How it works: Airflow fetches the current check definitions from the Qarion API, triggers each check against your data source, and fails the task if any check doesn't pass. Because check definitions live in Qarion, data stewards can update thresholds, add new checks, or change schedules through the UI without touching the DAG code.

Tip: For product-scoped checks, use client.quality.list_for_product(space_slug, product_slug) to trigger only the checks linked to the product your DAG just refreshed.
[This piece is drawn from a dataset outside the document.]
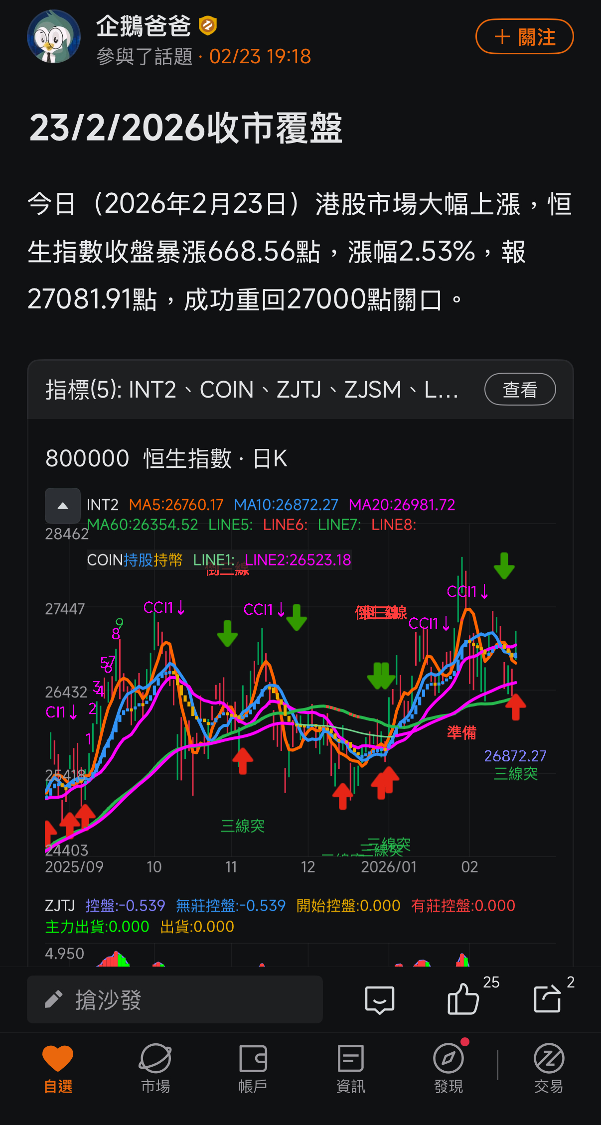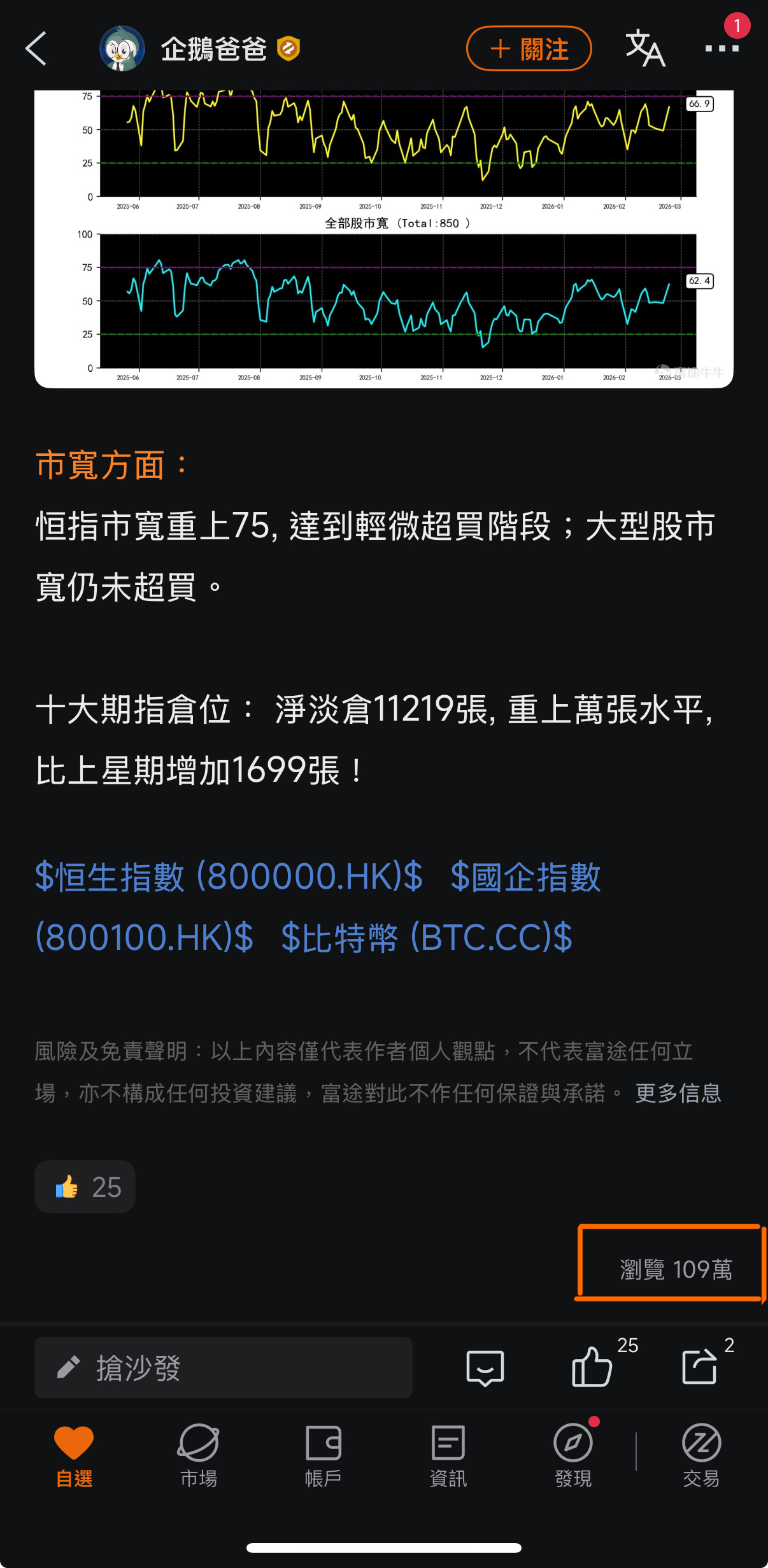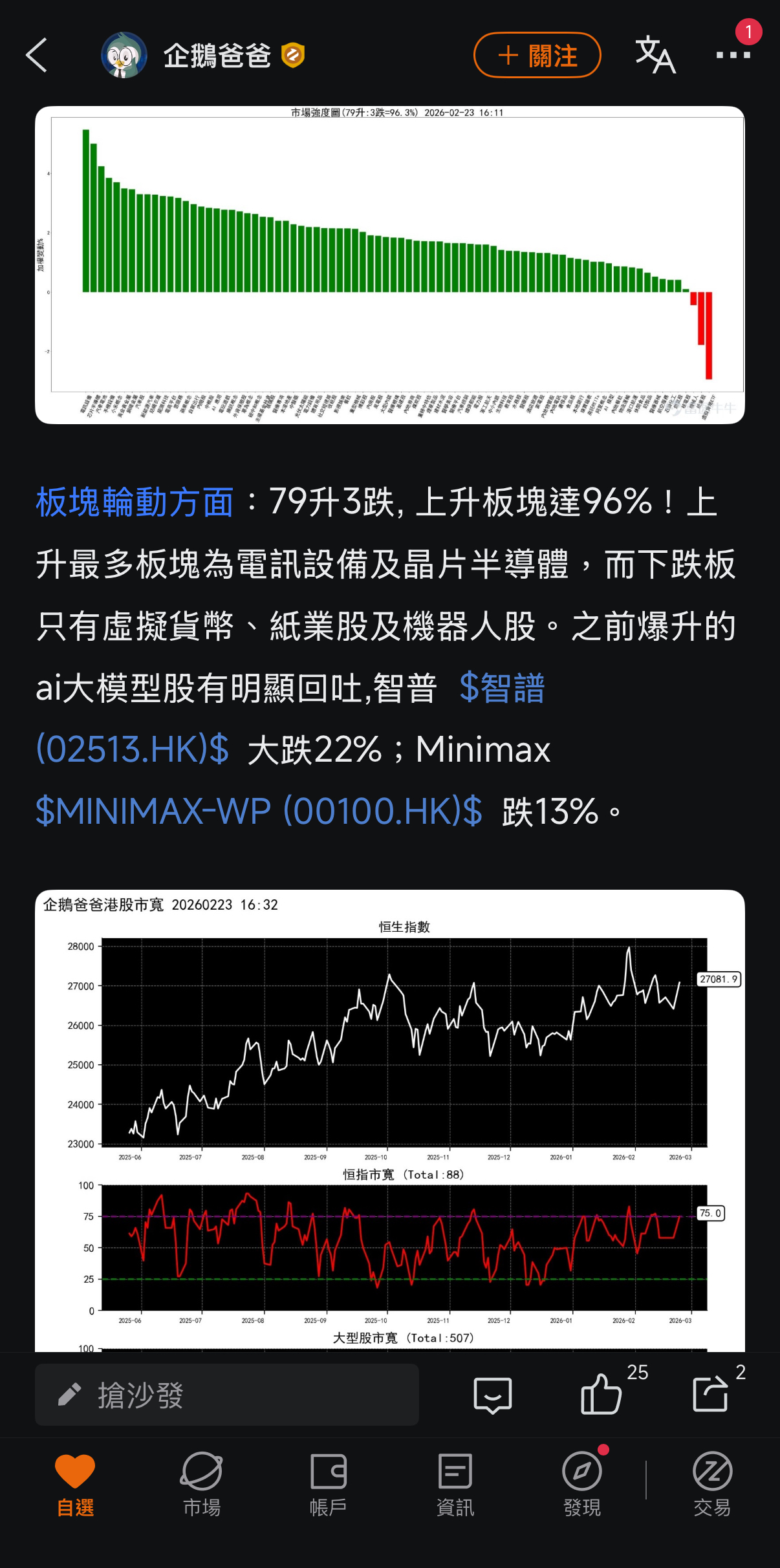 我做咗多年文職,依家係會計工作,成日同數字打交道,所以對投資一向都好謹慎。以前買股票多數只係睇價位同聽消息,成日唔知自己究竟博緊啲咩。上咗企鵝爸爸課程之後,我好鍾意佢用市寬圖去量化大市狀態,再配合選股器同嚴謹嘅風險管理。依家每次入市都有清晰數據同規則支持,回報同心情都穩定咗好多。

Pattern 2: Config File Quality Checks

Use this when you define quality checks in a YAML configuration file alongside your transformation code. This is ideal for checks-as-code workflows where rules are version-controlled and reviewed through pull requests.

@task()
def apply_and_run_dq_config(config_path: str) -> dict:
"""Sync check definitions from YAML and execute them."""
from qarion import QarionSyncClient
from qarion.models.dq_config import DqConfig
from airflow.models import Variable

client = QarionSyncClient(api_key=Variable.get("qarion_api_key"))

# Parse the YAML config
config = DqConfig.from_yaml(config_path)

# Step 1: Validate — catch structural errors early
errors = client.quality.validate_config(config)
if errors:
raise ValueError(f"Config validation failed: {errors}")

# Step 2: Apply — upsert check definitions (idempotent)
summary = client.quality.apply_config(config)
print(f"Created: {len(summary['created'])}, "
f"Updated: {len(summary['updated'])}, "
f"Unchanged: {len(summary['unchanged'])}")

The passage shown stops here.